[ 
https://issues.apache.org/jira/browse/HDFS-12051?page=com.atlassian.jira.plugin.system.issuetabpanels:comment-tabpanel&focusedCommentId=16273322#comment-16273322
 ] 

Misha Dmitriev commented on HDFS-12051:
---------------------------------------

Thank you for the review [~yzhangal] Here are the answers to your questions:

{quote}1. The original NameCache works like this, when loading fsimage, it put 
names into a transient cache and remember the counts of each name, if the count 
of a name reachs a threshold (configurable with default 10), it promote the 
name to the permanent cache. After fsimage is loaded, it will clean up the 
transient cache and freeze the final cache. The problem described here is about 
calculating snapshotdiff which happens after fsimage loading. Thus any new 
name, even if it appears many times, would not benefit from the NameCache. 
Let's call this solution1, your change is to always allow the cache to be 
updated, and let's call it solution2.{quote}

I would say that this solution may (or does) have problems even during fsimage 
loading. What if fsimage contains a very high number of different names? Then 
NameCache may grow to several million entries, and a java.util.HashMap of this 
size is very costly to operate, because, for one thing, a separate 
HashMap$Entry object is created for each key-value pair. This would become a 
big burden on the GC and a big overhead in terms of CPU cycles.

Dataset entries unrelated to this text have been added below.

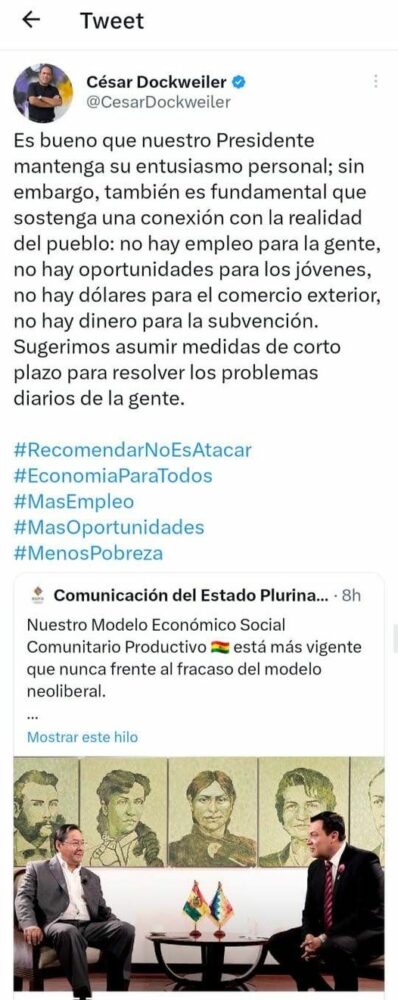 Dura y sorpresiva crítica de César Dockweiler al presidente Luis Arce. “Es fundamental que sostenga una conexión con la realidad del pueblo”, dice el ex candidato a alcalde de La Paz (derrotado por Iván Arias) y ex encargado de los teleféricos, de la línea Evista.
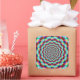 A geometric fractal image with an colorful optically challenging design in blue, turquoise yellow,red, green and pink by Objowl.
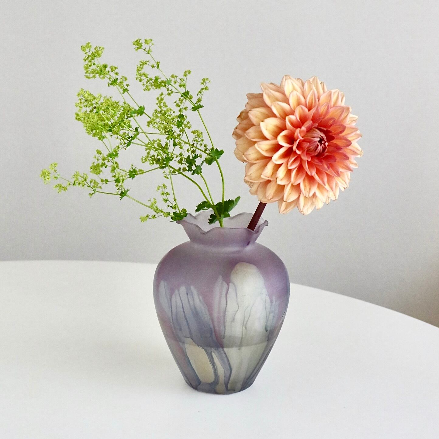こちらのフラワーベースは紫が強めの配色で、淡く柔らかい雰囲気の中に奥ゆかしい表情も感じられます。
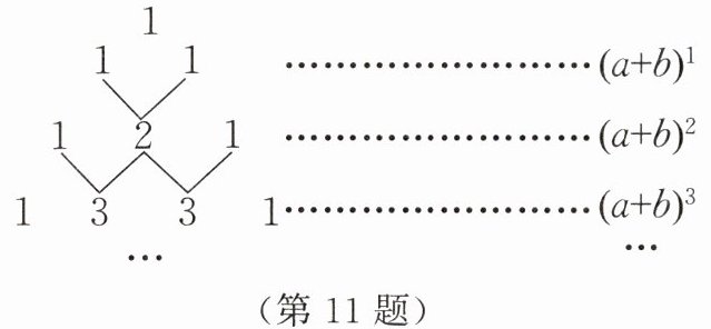 11.【数学文化】我国古代数学的许多发现都曾位居世界前列,其中“杨辉三角”就是一个。如图,这个三角形的构造法则是:两腰上的数都是 1,其余每个数均为其上方左右两数之和,它给出了$(a + b)^{n}(n$为正整数)的展开式(按$a$的次数由大到小的顺序排列)中各项的系数规律。例如,在三角形中第三行的三个数 1,2,1,恰好对应着$(a + b)^{2}$的展开式中各项的系数;第四行的四个数 1,3,3,1,恰好对应着$(a + b)^{3}$的展开式中各项的系数。
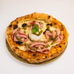 Mozzarella, mortadela con pistacho, burrata D.O.P (125 g.) y pesto de pistacho
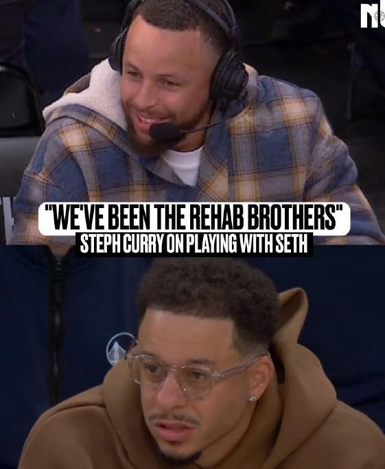 在比賽進行時的場邊采訪中,庫里調侃自己當初和湯普森被人稱為是水花兄弟,現(xiàn)在和弟弟塞斯庫里則經常認為叫做康復兄弟。
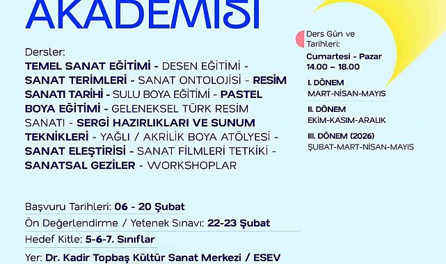 Esenler Belediyesi Sanat Evi (ESEV) bünyesinde eğitimlerine başlayacak Resim Akademisi'ne kayıtlar başladı. 20 Şubat'a kadar esev.org adresi üzerinden başvuruların devam edeceği akademide dersler, Dr. Kadir Topbaş Kültür Sanat Merkezi'nde gerçekleşecek. Akademide ön değerlendirme ve yetenek sınavı 22-23 Şubat tarihlerinde yapılacak. 5, 6 ve 7. sınıflara yönelik düzenlenecek akademide, temel sanat eğitimi, desen eğitimi, sanat terimleri, sanat ontolojisi, resim sanatı tarihi, sulu boya eğitimi, pastel boya eğitimi, geleneksel Türk resim sanatı, sergi hazırlıkları ve sunum teknikleri, yağlı / akrilik boya atölyesi, sanat eleştirisi ve sanat filmleri tetkiki dersleri işlenecek.

{quote}2. If we modify solution1 to keep updating the cache instead of freezing 
it, we have chance to help the problem to solve here, however, depending on the 
threshold, the number of entries in the final cache of solution1 can be very 
different, thus memory footprint can be very different.{quote}

See above, and also see my initial explanation in this ticket. If we allow the 
cache in solution1 to grow, its memory footprint may grow comparable to the 
memory savings that it achieves, while creating a lot of additional GC pressure 
as explained above.

{quote}3. The cache size to be configured in solution2 would impact the final 
memory footprint too. If it's configured too small, we might end up many 
duplicates too. So having a reasonable default configuration would be 
important. It's so internal that we may not easily make good recommendation to 
users when to adjust it.{quote}

Yes. Ideally, more measurements need to be done and a better algorithm for 
selecting its size should be devised. But let's do it incrementally. Right now, 
this cache consumes very little extra memory yet saves quite a lot of it. This 
is much better than what we had before.

{quote}4. How much memory we are saving when saying "8.5% reduction"?{quote}

In this particular case, see above for the two lines explaining the overhead of 
duplicate byte[] arrays from jxray memory reports before and after the change:

Types of duplicate objects:
     Ovhd         Num objs  Num unique objs   Class name

Before:
346,198K (12.6%)   12097893      3714559         byte[]
After
100,440K (3.9%)   6208877      3855398         byte[]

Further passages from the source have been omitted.